- Missa "Et Ecce Terrae Motus," for 12 voices
- Missa Praeter Rerum Seriem
- Missa Osculetur me, for 8 voices, H. x/187
- Missa "Au travail suis", for 4 voices
- Missa de apostolis, mass for 6 voices
This double CD collects a group of Tallis Scholars recordings from the late 1980s and 1990s at a budget price, and it offers value for the money for anyone who enjoys the a cappella Renaissance masses. This all-adult, mixed-gender English group has always been among the best choices in the music of the High Renaissance, and not only in that from Britain. Director Peter Phillips generally favors a sound with a pair of singers per part, a demanding task to which his choristers respond with perfect accuracy. Thus, the size of the group grew and contracted for these specific recordings, but all were recorded in the same location: Norfolk, England's Church of Saints Peter and Paul. The sound is ravishing throughout. The program is oriented toward lesser-known Renaissance masterpieces featuring some kind of unusual sonority, not toward the big names of Josquin or Byrd. The "Missa de Apostolis" of Heinrich Isaac is an alternatim setting alternating chant and six-voice polyphony with some very pungent cadences. Radio programmers, note the unusually long silences predecing the music here.
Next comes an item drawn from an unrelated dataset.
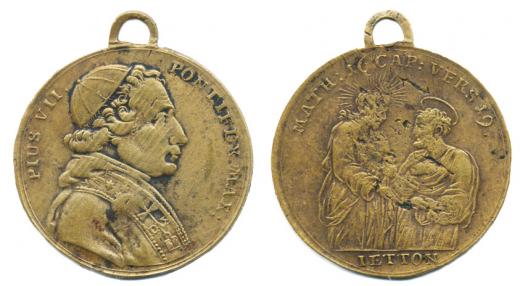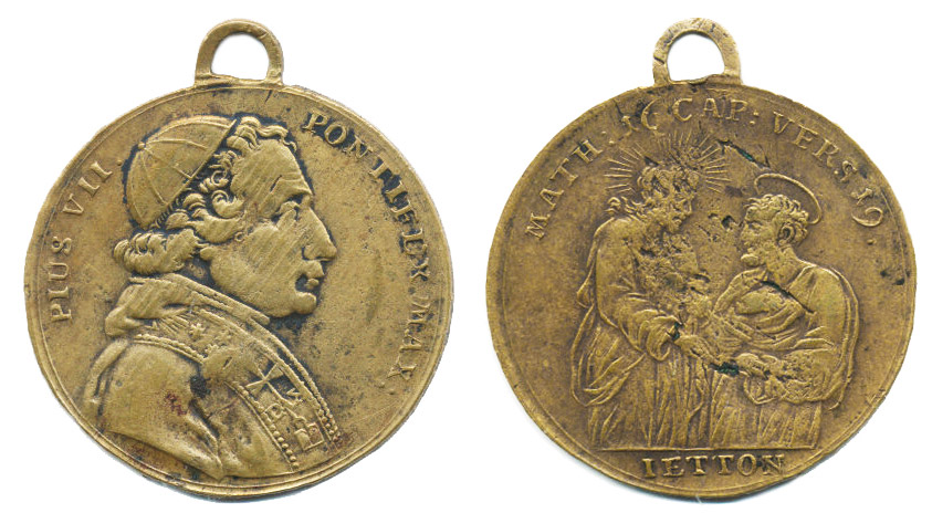 Nesign. - žeton na biblický citát Mat.16, 19, b.l. (1800) Poprsí papeže zprava, opis / Kristus předává klíče Petrovi, dole nápis IETTON, Mosaz 33 mm_dr.v.stř. v rev.

From there, the program proceeds to the subtle "Missa Au travail suis" of Ockeghem before finishing out with three progressively larger and more splendid works; double-choir masses by Lassus and Cipriano de Rore, neither terribly well known, and finally the 12-voice "Missa Et ecce terre motus," or Earthquake Mass, of Antoine Brumel, so called because it is based on a chant referring to the earthquake said to have followed Christ's crucifixion. This is a little-known landmark of the music of the sixteenth century, and it's not an easy piece for any choir. If you can sample, dip into the 14-minute Sanctus and Benedictus, and hear how the Tallis Scholars' focus holds up the piece's almost symphonic architecture. This release will help fill out any shelf of Renaissance choral music with pieces that should really be there.